§ Work item:
Pictures in the records below must be left out. Return exactly the lines from the line with "dispositivo externo y" to the line with "We passed through", both included.

§ Supplied data:
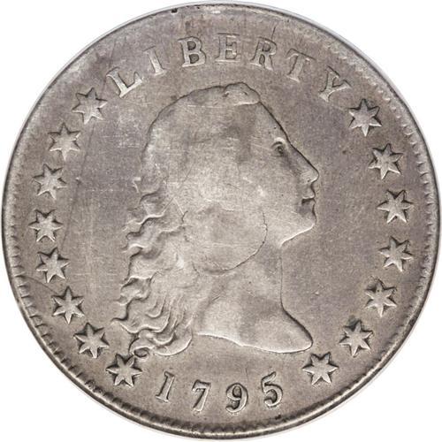 <B>1795 S$1 Flowing Hair, Three Leaves, Silver Plug--Repaired, Improperly Cleaned, NCS. VF Details.</B></I> B-7, BB-18, R.3. The plug is evident as a faint irregular circular line at the obverse center. Bolender-7 appears to be the variety most often found with a silver plug, which were added to the planchet by mint workers prior to the strike. Likely, mint policy changed shortly later, and underweight planchets were melted instead of brought up to standard weight with a silver plug. The present blue-gray example is dull from a cleaning, but no repair is readily evident. The L and B in LIBERTY exhibit slight granularity.<BR><BR><b>Shipping:</b> Coin/Currency (<a target="_blank" href="http://www.heritageauctions.com/common/shipping.php">view shipping information</a>)
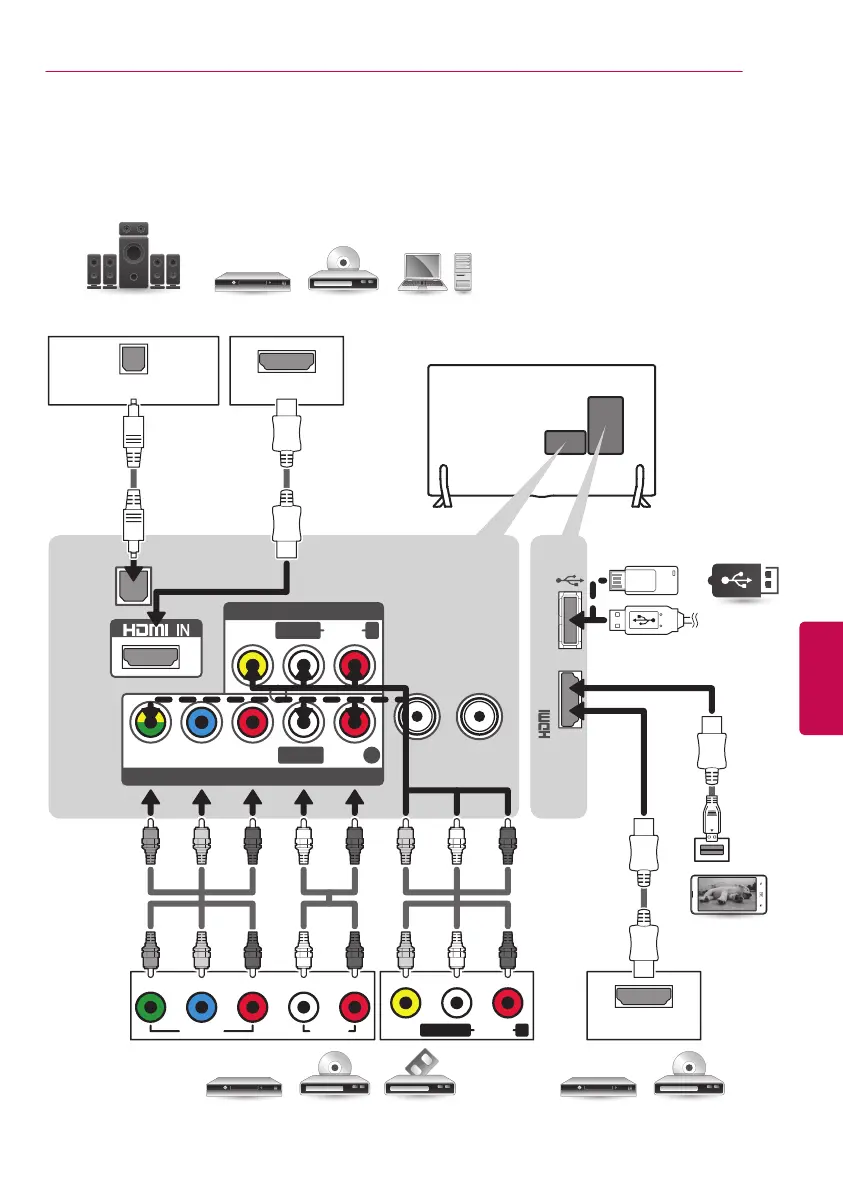 dispositivo externo y el televisor con el cable HDMI tal como se muestra. Dependiendo del modelo, el
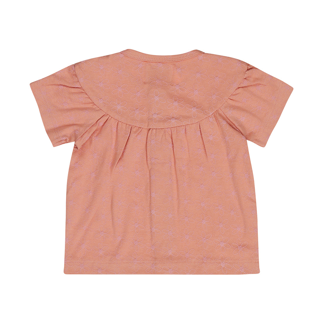 Soft pink, sweet, and comfortable, the pink Dirkje T-shirt with buttons and embroidered flowers is perfect for spring and summer. The stretch fabric allows your little one to move freely without feeling constricted. This blouse-style T-shirt for girls pairs beautifully with shorts or jeans.
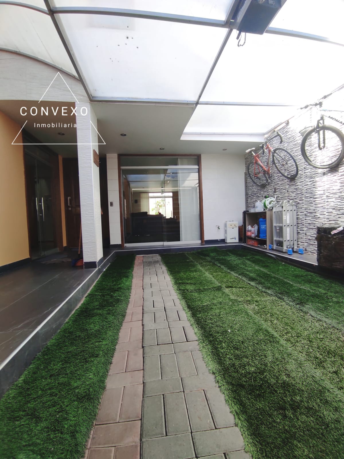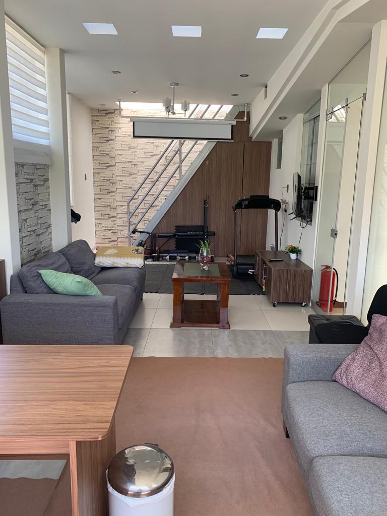 Amplia y bien iluminada Sala Comedor, área de bar, baño de visita, patio posterior con área de parrillas, lavandería, jardín y cochera.
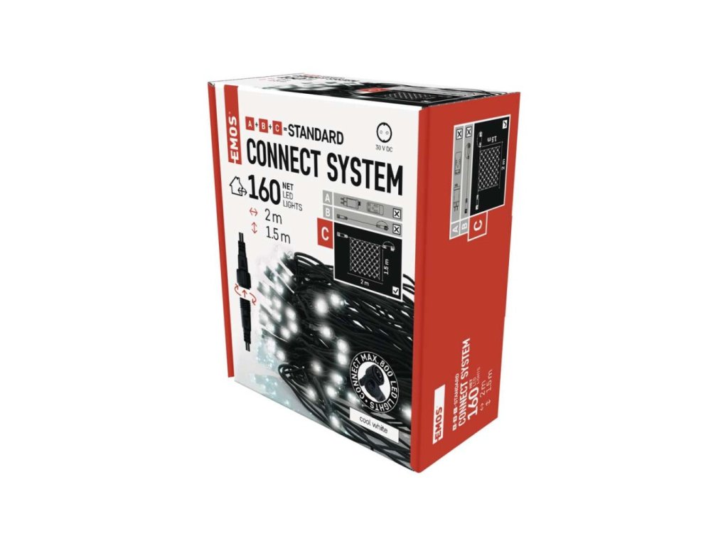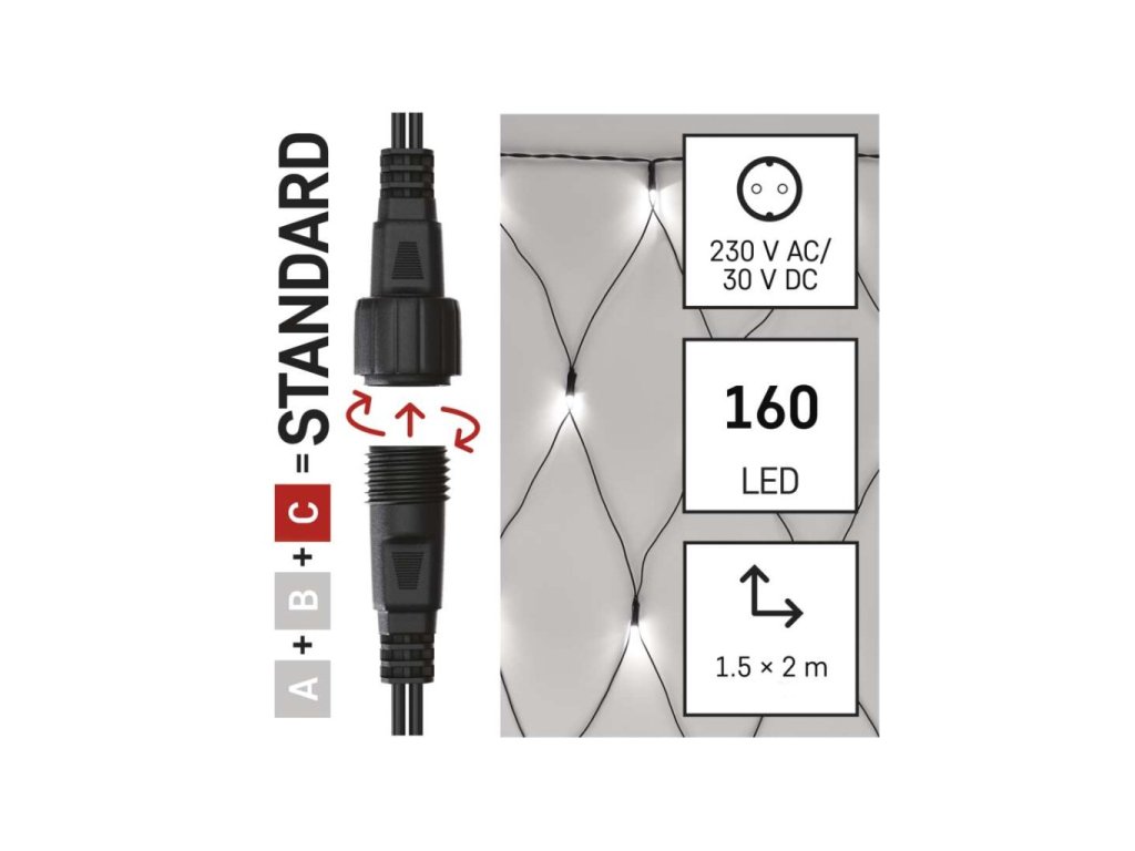 Standard LED spojovací vánoční řetěz – síť, 1,5x2 m, venkovní, studená bílá, časovač
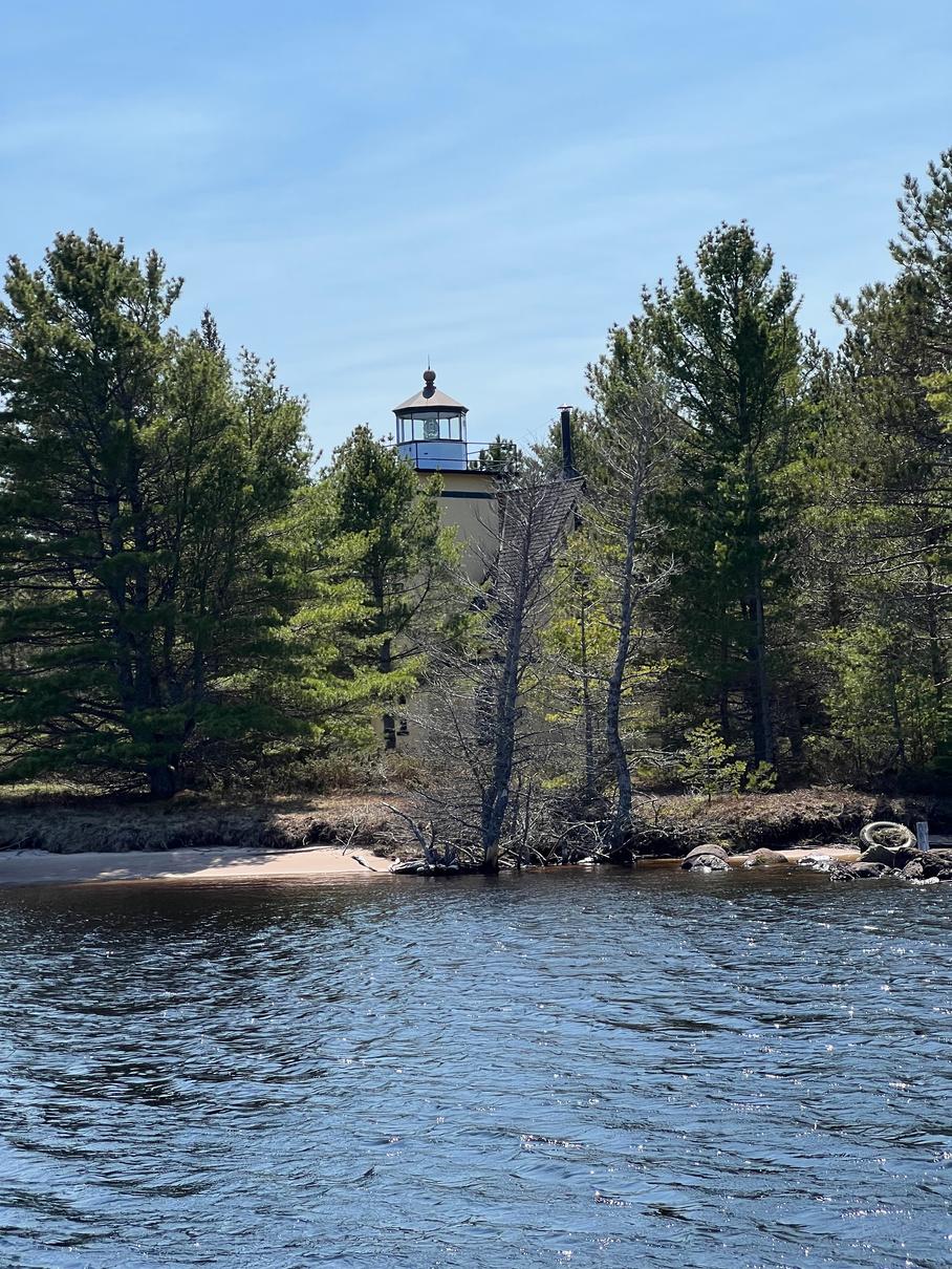 We passed through the channel leading out into the Keweenaw Bay with its wild inlets and coves (note to self, come back and explore by kayak) and passed by the Mendota Lighthouse A small fishing boat was headed inbound as we left the canal and we smiled and waved as boaters do The expanse of the southern shore lay before us in the brilliant sun, wild and inviting us to come closer
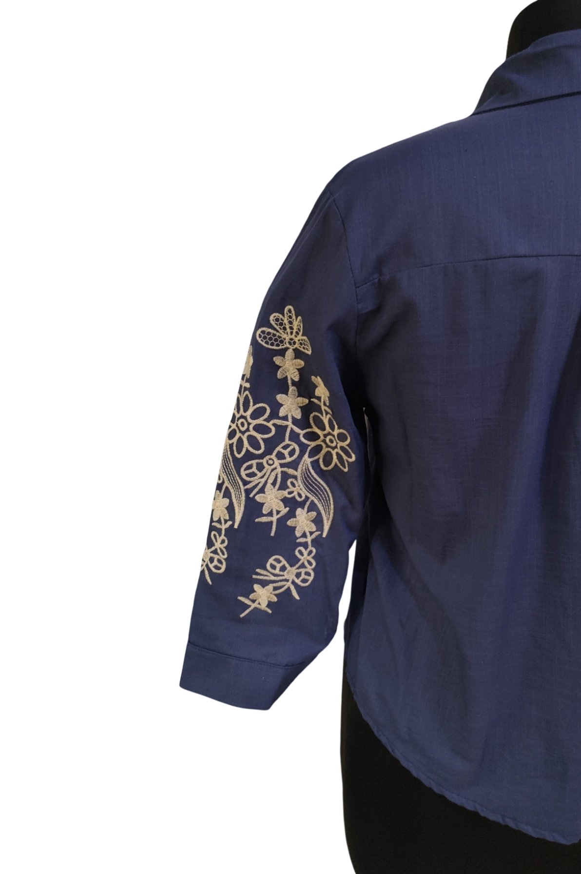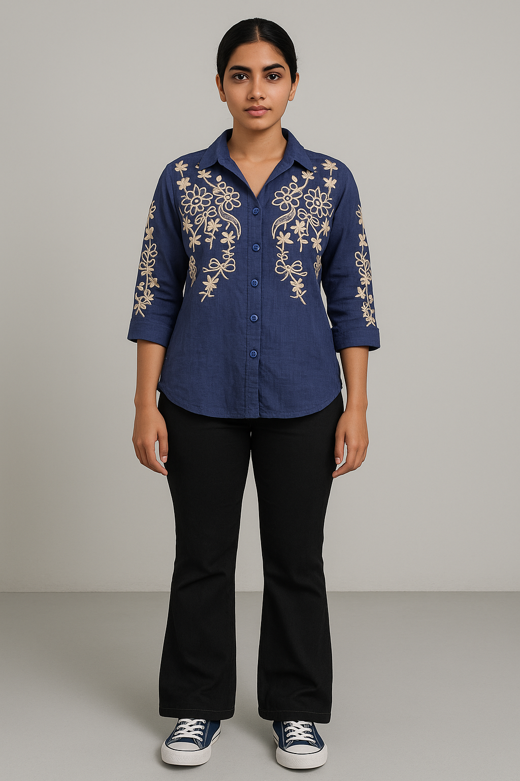 Delicately bold, the Noor shirt celebrates floral craftsmanship with a modern silhouette. Intricate ivory threadwork over deep navy blue makes this piece a wardrobe essential for the woman who seeks poise, power, and grace in every setting.

§ Answer to this exercise:
 dispositivo externo y el televisor con el cable HDMI tal como se muestra. Dependiendo del modelo, el
 Soft pink, sweet, and comfortable, the pink Dirkje T-shirt with buttons and embroidered flowers is perfect for spring and summer. The stretch fabric allows your little one to move freely without feeling constricted. This blouse-style T-shirt for girls pairs beautifully with shorts or jeans.
 Amplia y bien iluminada Sala Comedor, área de bar, baño de visita, patio posterior con área de parrillas, lavandería, jardín y cochera.
 Standard LED spojovací vánoční řetěz – síť, 1,5x2 m, venkovní, studená bílá, časovač
 We passed through the channel leading out into the Keweenaw Bay with its wild inlets and coves (note to self, come back and explore by kayak) and passed by the Mendota Lighthouse A small fishing boat was headed inbound as we left the canal and we smiled and waved as boaters do The expanse of the southern shore lay before us in the brilliant sun, wild and inviting us to come closer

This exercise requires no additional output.